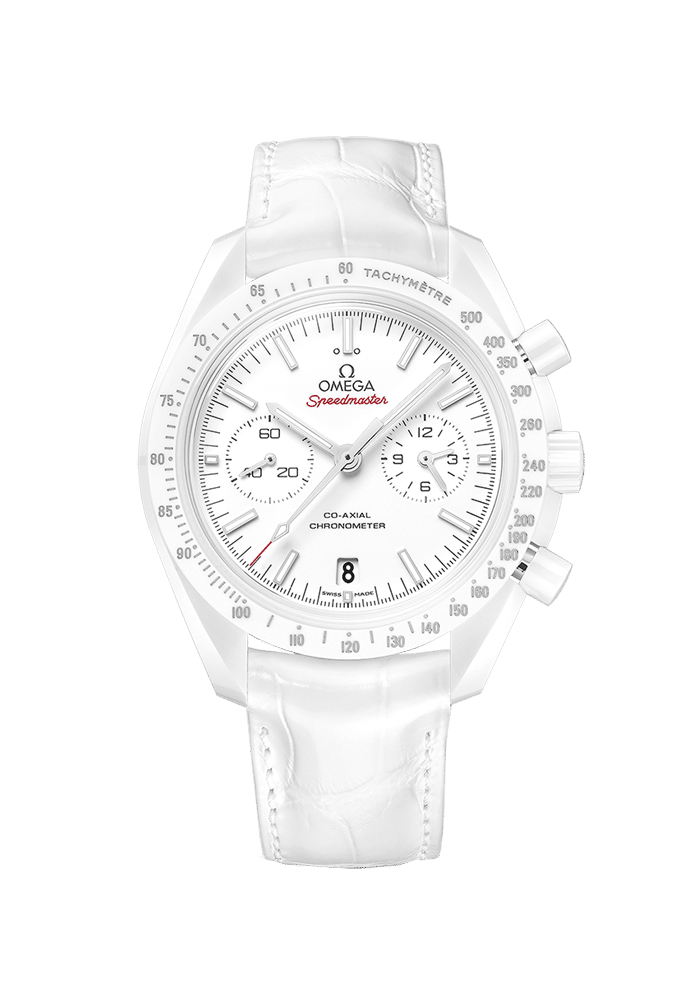 Das Zifferblatt im „Moonwatch“-Stil mit zwei Zählern bei 3 und 9 Uhr besteht ebenfalls aus weißer Keramik und ist mit applizierten Indizes aus glänzendem 18 K Weißgold versehen.
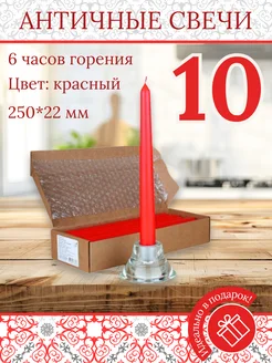 Свечи античные конические красные 22*250 мм 6 часов 10 шт
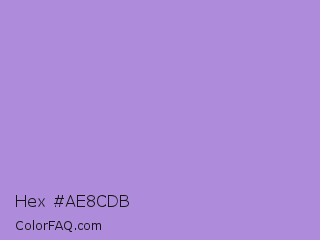 Hex #ae8cdb Color is a light violet color and the nearest color is East Side #ac91ce. Hex code #ae8cdb and RGB value is rgb(174,140,219). In RGB color space, this color is composed of 68% red, 55% green, 86% blue, In CMYK color space, this color is composed of 21% cyan, 36% magenta, 0% yellow , 14% black , In HSL color space, this color has a hue angle of 266° , 52% saturation and 70% lightness.
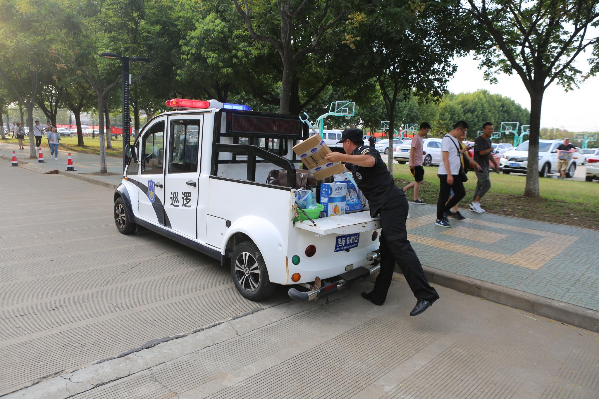迎新期间,保卫人员除指挥交通、加强巡查外,还充当了“暖心大叔”的角色,有求必应详细解答新生及家长的问题,出动警用巡逻车数十次,为需要帮助的新生运送行李。
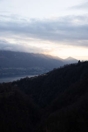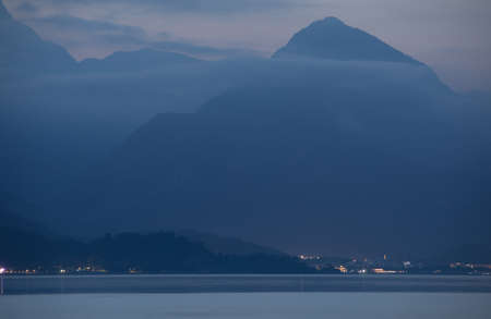Photo of foggy mountains in Como lake in Lombardy, Italy. Sunset view over the mountain
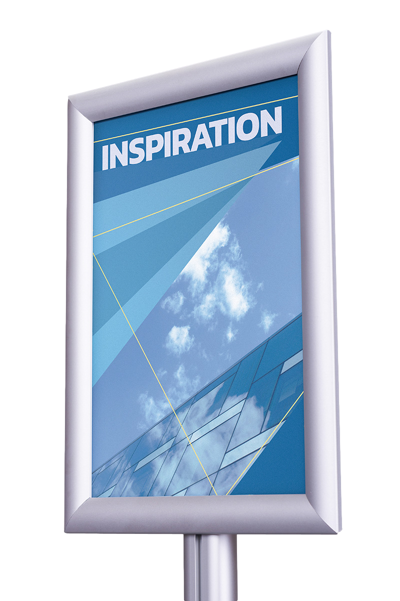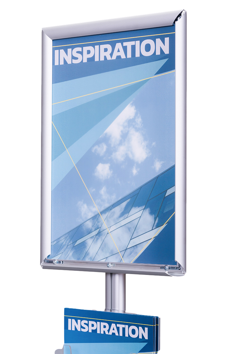Stojak wykonany jest z wysokiej jakości anodowanego aluminium, a jego podstawa metalowa jest lakierowana proszkowo, co zapewnia trwałość i odporność na uszkodzenia. Na szczycie stojaka znajduje się rama zatrzaskowa o profilu 25 mm z prostymi narożnikami, dostosowana do formatów A4 i A3, którą można ustawić zarówno w orientacji pionowej, jak i poziomej. Zabezpieczenie plakatu stanowi folia antyrefleksyjna o grubości 0,5 mm, co gwarantuje wyraźny widok bez odbić światła.

+ + + +

WHAT THIS TASK INVOLVES: An exact copy of the lines above, from the first through the line that holds "Photo of foggy", is what is needed; leave the pictures out.

REPLY:
 Das Zifferblatt im „Moonwatch“-Stil mit zwei Zählern bei 3 und 9 Uhr besteht ebenfalls aus weißer Keramik und ist mit applizierten Indizes aus glänzendem 18 K Weißgold versehen.
 Свечи античные конические красные 22*250 мм 6 часов 10 шт
 Hex #ae8cdb Color is a light violet color and the nearest color is East Side #ac91ce. Hex code #ae8cdb and RGB value is rgb(174,140,219). In RGB color space, this color is composed of 68% red, 55% green, 86% blue, In CMYK color space, this color is composed of 21% cyan, 36% magenta, 0% yellow , 14% black , In HSL color space, this color has a hue angle of 266° , 52% saturation and 70% lightness.
迎新期间,保卫人员除指挥交通、加强巡查外,还充当了“暖心大叔”的角色,有求必应详细解答新生及家长的问题,出动警用巡逻车数十次,为需要帮助的新生运送行李。
Photo of foggy mountains in Como lake in Lombardy, Italy. Sunset view over the mountain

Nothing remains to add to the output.